With the conditions being so bad, Dad has been avoiding harvesting one of his best minnow lakes because the only way to get there is by airplane. In order to meet the demand, he had to fly there the other day. Since he goes by himself, he must always be prepared for a very long day and possibly an overnight stay in the airplane because if he gets stuck in the slush, he won't be getting home anytime soon. In the past he's had to pack a trail with snowshoes and let it freeze overnight to get the plane moving again. Luckily he didn't have to do that this time, but he did get stuck. He was able to dig himself out and get home at a decent hour with a good catch of minnows. Everyday of minnow trapping for these guys is quite the adventure. I wish I had the time to write about each trip they make because there is always a good story.

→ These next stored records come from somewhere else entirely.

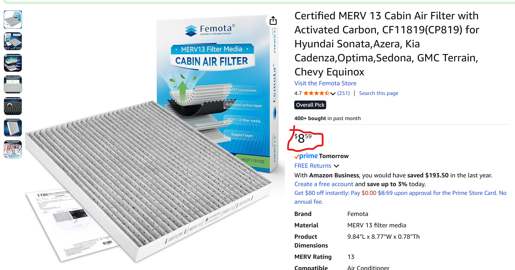 Took my car there for an oil change. They told me the 'cabin air filter' was very dirty, it was. I told them go ahead and replace it. Then they charged me $49 for it. That was 20 minutes ago, 09/09/2025. I just checked the price on Amazon and it was $8.59. I won't be back.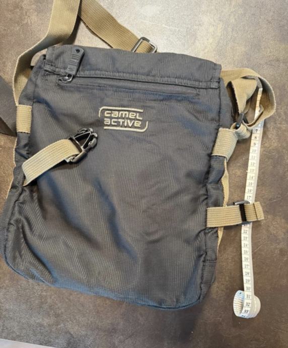 Prodajem mušku torbu za preko ramena marke Camel Active. Torba je izrađena od čvrstog tekstilnog materijala u tamno sivoj boji. Podesivi remen omogućuje nošenje preko ramena. Dimenzije su vidljive na fotografijama s mjernom trakom, a radi se o torbi srednje veličine, praktičnoj za svakodnevno nošenje.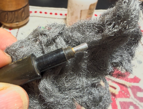 To remove the last vestiges of carbon cake, the chamber is sanded with 220 grit paper wrapped around a dowel rod.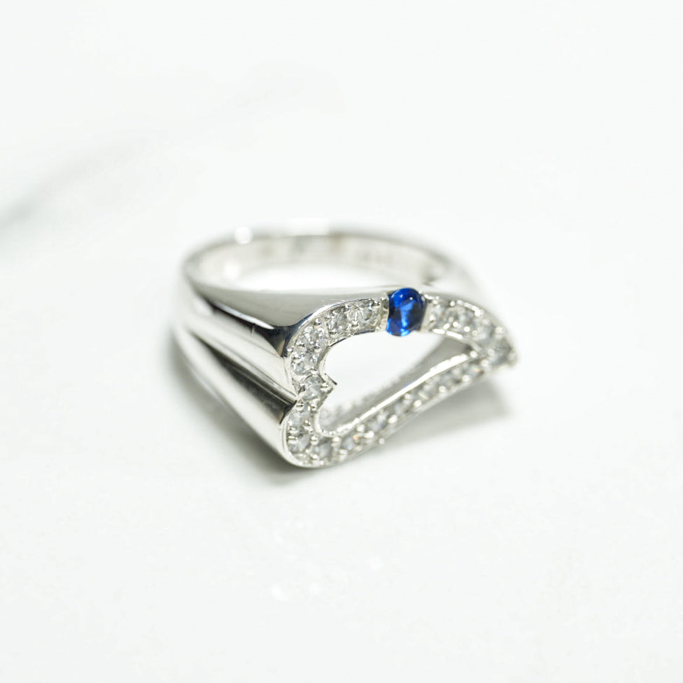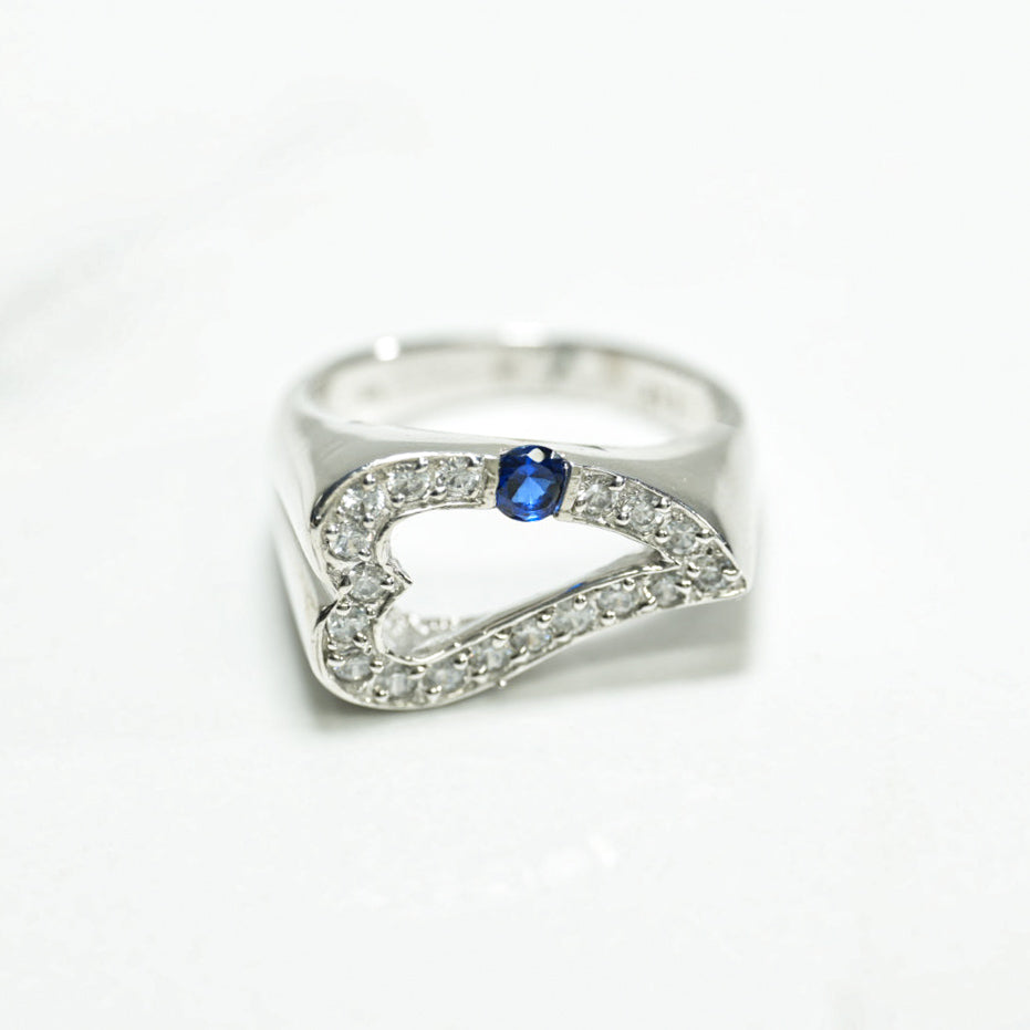 Bague - Or 10K coeur pavé blanc cz bleu - RIG210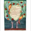 Rachel Deitsch has created this lovely ketubah. Two separate trunks growing together shelter 2 songbirds, pomegranates, a traditional fertility symbol, and lotus blossoms.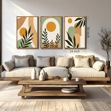 Framed Boho Sun Canvas Wall Art Set of 3, 24"L x 36"W A02 Boho with Frame

We also supply the minnows (for free) to our fisherman in camp. We've had quite a few parties staying with us this winter. Despite the amount of snow and slush, they have been fishing the entire chain of lakes and of course, spending lots of time in the shacks in front of camp. They've caught and released some massive trout further down the chain, and some huge walleyes in front of camp. They've been keeping the smaller ones for dinner that they mostly catch in the shack. The two pictures below were taken a few weeks ago right out in front of K.C.'s Landing Resort.

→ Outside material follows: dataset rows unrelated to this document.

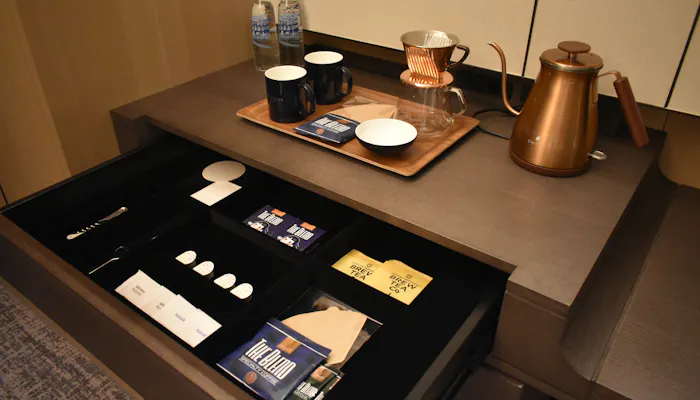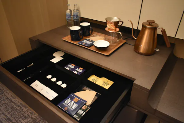 コーヒー、抹茶、ミルキー、冷蔵庫内のコールドドリンク(ミネラルウォーター、オレンジジュース、ビール)も全て、宿泊料金に含まれており、自由にいただくことができます。
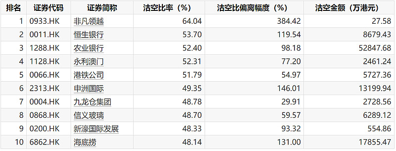 从沽空比率来看,共59只个股沽空比率超30%,非凡领越、恒生银行、农业银行位居前三,分别为64.04%、53.7%、52.4%。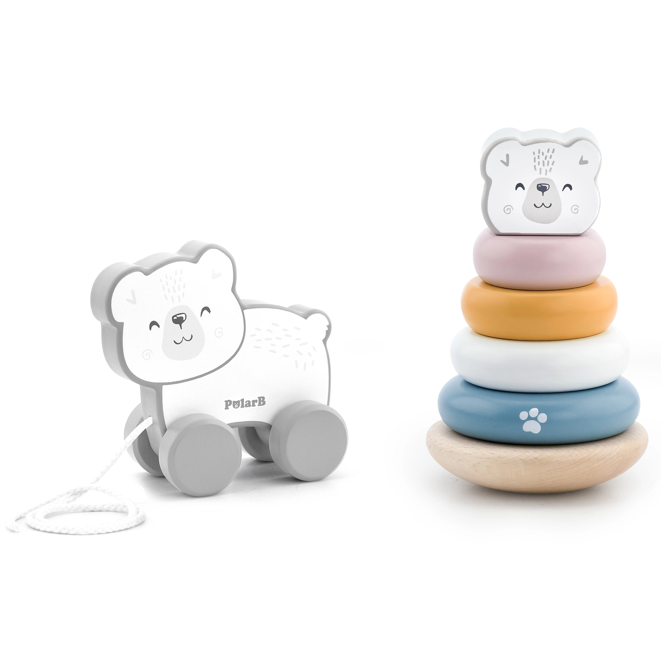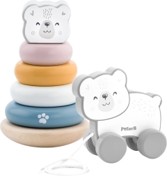Ένα στιλάτο σετ από τη Viga της συλλογής PolarB φέρνει δύο παστέλ ξύλινα παιχνίδια: μια εκπαιδευτική πυραμίδα με πολική αρκούδα και ένα χαριτωμένο συρόμενο αρκουδάκι. Υποστηρίζει τη λεπτή κινητικότητα, τη λογική σκέψη, τον συντονισμό χεριού–ματιού και την εκμάθηση χρωμάτων, ενώ παράλληλα προσφέρει καθημερινή διασκέδαση.

trophy walleye fishing clark's resorts
Trophy Walleye caught & released at K.C.'s
walleye fishing ontario, ice fishing
Trophy Walleye caught & released at K.C.'s
And of course, I have to mention a little bit about the cabin on Kapikik. I haven't written about it since our trip by winter road. Since then, the guys have made many trips by airplane hauling supplies. Two weeks ago, my Dad, Grampa, and I stayed overnight at the cabin and finished off the rest of the pine, varnished the entire cabin, and finished all of the trim. My Dad went by himself the following weekend and started laying the laminate flooring. Dad and Chris are on there way there right now to stay overnight and finish off the flooring. Next, the kitchen cabinets will go in, and the panelling will go up on the bedroom walls. When the conditions improve, the brand new boats will be taken in by snowmobile. It is truly amazing how far that cabin has come along since February 1st, when we made our first trip. With all of the challenges we've faced, its incredible that we've been able to stay on schedule with the progress.

Kapikik Lake Outpost
Pine & Flooring done at Kapikik
My parents and I just got back from the Minneapolis Northwest Sport Show, our last sport show of the season. We had a great time, enjoyed the warm weather, and talked to lots of people. The question that almost everyone asked was if the ice will be out in time for opener. Looking outside right now at the 5 feet of snow on the ground and knowing that there is still 4 feet of ice on the lake, it is easy to assume that it won't be. However, it is honestly far too early to tell just yet. A lot can happen during the month of April and we can assure you that through our Facebook page and our blog, we will keep everyone posted on the weather and ice conditions. In the spring, my Dad is the last person that flies in the area on skis and now that we are into April, he will be flying almost every day. By the end of the month, we should be able to give you all a good idea of when the ice will be out. Lets hope for the best!